Four Loko agrees to tweak marketing agenda

Four Loko's maker has agreed to a series of reforms after allegations that their marketing strategy promoted binge and underage drinking. A settlement was reached in the lawsuit jointly filed by 20 U.S. state attorneys general and the city of San Francisco.

Phusion Projects LLC, the Chicago-based drink manufacturer, denies the claim that they improperly marketed the "alcopop" drink. But in an attempt to play nice, the company agreed not to sell caffeinated alcoholic drinks, not to promote binge drinking or other misuses of alcohol, and accepted marketing limits designed to keep people under 21 from buying alcoholic products.

These limits include a ban on promoting flavored malt beverages on school or college property except at licensed retail establishments. They also can't advertise Four Loko using models or actors under age 25 or who appear to be under age 21.

Phusion also agreed to pay $400,000 to the regulators as part of the settlement.

"We consider this agreement a practical way to move forward and an opportunity to highlight our continued commitment to ensuring that our products are consumed safely and responsibly only by adults 21 and over," said President Jim Sloan in a statement. "Phusion continues to believe, however, as do many people throughout the world, that the combination of alcohol and caffeine can be consumed safely and responsibly."

The company was in the hot seat in 2010 when the U.S. Food and Drug Administration warned the company and rivals that "blackout in a can" drinks combining alcohol and caffeine were unsafe, according to Reuters. Phusion removed the caffeine and the stimulants guarana and taurine from beverages, including Four Loko, that year.

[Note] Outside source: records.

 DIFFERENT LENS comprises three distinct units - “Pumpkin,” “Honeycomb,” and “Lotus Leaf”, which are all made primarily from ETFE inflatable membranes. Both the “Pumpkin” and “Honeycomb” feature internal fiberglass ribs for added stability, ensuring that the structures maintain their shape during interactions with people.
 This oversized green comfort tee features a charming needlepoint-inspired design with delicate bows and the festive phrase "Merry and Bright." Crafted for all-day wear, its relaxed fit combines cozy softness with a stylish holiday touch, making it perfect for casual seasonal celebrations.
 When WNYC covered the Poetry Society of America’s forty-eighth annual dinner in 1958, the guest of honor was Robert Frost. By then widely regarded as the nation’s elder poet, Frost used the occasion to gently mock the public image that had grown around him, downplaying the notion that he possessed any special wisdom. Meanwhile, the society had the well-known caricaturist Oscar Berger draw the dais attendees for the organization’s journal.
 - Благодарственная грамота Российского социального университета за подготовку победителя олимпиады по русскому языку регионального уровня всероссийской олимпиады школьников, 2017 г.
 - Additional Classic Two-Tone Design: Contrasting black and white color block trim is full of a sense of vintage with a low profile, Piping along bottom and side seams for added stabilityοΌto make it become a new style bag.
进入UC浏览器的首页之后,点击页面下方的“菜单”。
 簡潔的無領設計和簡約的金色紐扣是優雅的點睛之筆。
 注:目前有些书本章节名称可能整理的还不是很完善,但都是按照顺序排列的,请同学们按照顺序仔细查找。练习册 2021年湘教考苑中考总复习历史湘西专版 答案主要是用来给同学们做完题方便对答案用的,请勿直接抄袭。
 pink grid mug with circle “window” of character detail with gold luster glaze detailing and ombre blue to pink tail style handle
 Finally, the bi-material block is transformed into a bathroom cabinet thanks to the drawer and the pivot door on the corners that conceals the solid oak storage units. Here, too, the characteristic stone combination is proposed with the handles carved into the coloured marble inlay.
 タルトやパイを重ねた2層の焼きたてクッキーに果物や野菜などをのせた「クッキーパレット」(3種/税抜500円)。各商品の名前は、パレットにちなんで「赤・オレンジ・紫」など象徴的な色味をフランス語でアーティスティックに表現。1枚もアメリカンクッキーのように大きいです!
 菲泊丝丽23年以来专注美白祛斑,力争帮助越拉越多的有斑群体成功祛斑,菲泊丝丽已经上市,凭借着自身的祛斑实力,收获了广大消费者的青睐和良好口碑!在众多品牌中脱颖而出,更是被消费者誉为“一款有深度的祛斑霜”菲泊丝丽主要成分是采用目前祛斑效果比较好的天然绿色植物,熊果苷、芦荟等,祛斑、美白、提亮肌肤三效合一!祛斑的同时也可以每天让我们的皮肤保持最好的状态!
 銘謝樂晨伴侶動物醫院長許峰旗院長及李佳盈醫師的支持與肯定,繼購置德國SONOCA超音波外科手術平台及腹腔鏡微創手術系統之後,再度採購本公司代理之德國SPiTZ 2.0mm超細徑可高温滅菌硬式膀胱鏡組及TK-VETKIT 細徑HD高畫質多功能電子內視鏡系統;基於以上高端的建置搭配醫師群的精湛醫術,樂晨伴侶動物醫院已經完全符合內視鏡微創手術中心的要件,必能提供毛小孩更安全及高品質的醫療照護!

"Alcoholic energy drinks are dangerous - especially for the teenagers and young adults they target," New York Attorney General Eric Schneiderman said. "Today's agreement ensures that one company will no longer market a dangerous product to youth."

Massachusetts banned Four Loko in 2010, and was the fourth state to do so, though the drink is now back on the market with a non-caffeinated formula.